Are you struggling with getting him to commit? Have you been with a man for a long time and still waiting for a commitment? How long have you been sitting, waiting, both patiently and impatiently, for him to step up to the plate and offer you the commitment you feel you have earned and deserve? If you’re dating a new man, and not yet gotten a commitment, and are worried he will never give you one? Are you trying to make getting him to commit your number one priority in this relationship? Well slow down a bit. You may be going about this the wrong way.
Many women believe getting him to commit is something they can earn over time. Sure, that theory holds true for some men, but not all. You could be with a man for over TWENTY years and he could still not be ready, willing, or able to give you a commitment. But they hold out, believing they are meant to be together so hold out waiting for the commitment fairy to grant their wish.
No one wants to put time, energy and effort into a relationship when they are never going to get what they want. A commitment helps propel a relationship forward and allow it to grow and evolve. Getting him to commit does not necessarily mean marriage. Celebrities Goldie Hawn and Kurt Russell have a committed relationship but are not married.

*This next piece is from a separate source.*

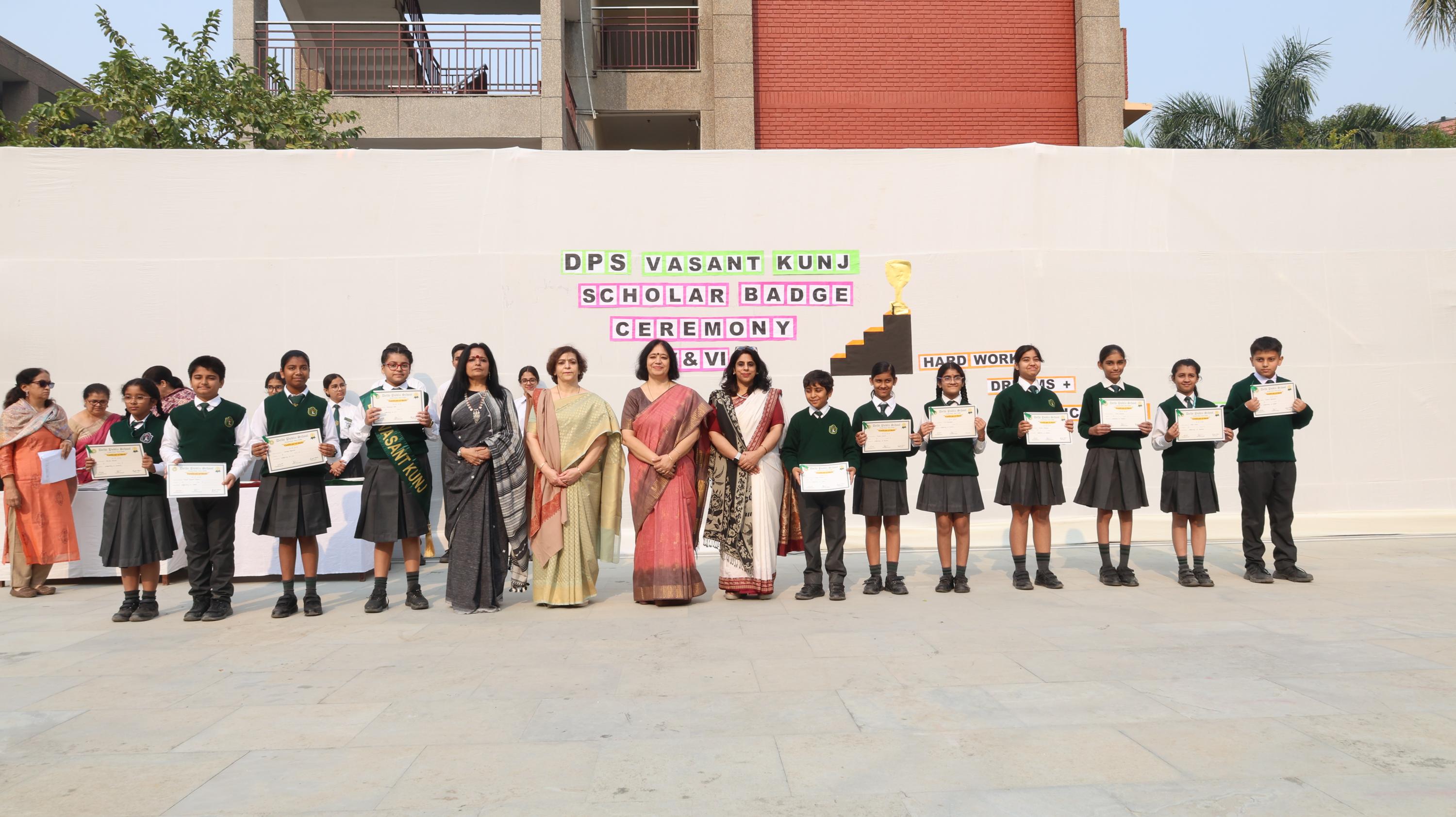 Delhi Public School, Vasant Kunj, celebrated academic excellence by felicitating approximately 750 meritorious students from Classes V to IX at its Scholar Badge Ceremony held on November 14 and 15, 2025.

You could be married, yet your partner is not honoring that commitment and is being unfaithful. Commitment means different things to different people.
We all need to seriously think about exactly what kind of commitment we need in a relationship. Is it the promise of monogamy, or marriage (or both)? What kind of time frame do you feel is reasonable for you to expect that commitment? Is he already committed to someone else? Obviously he doesn’t really have a commitment to you or the other woman if he has you both in his life.
Women tend to stick it out for years, because they feel if they leave, then they wasted all that time. Unfortunately they fail to realize they could be wasting even more time because getting him to commit is never going to come. Some women are afraid to push the envelope and demand a commitment. There is a right and a wrong way to do that. There is also a right time and place to do that as well.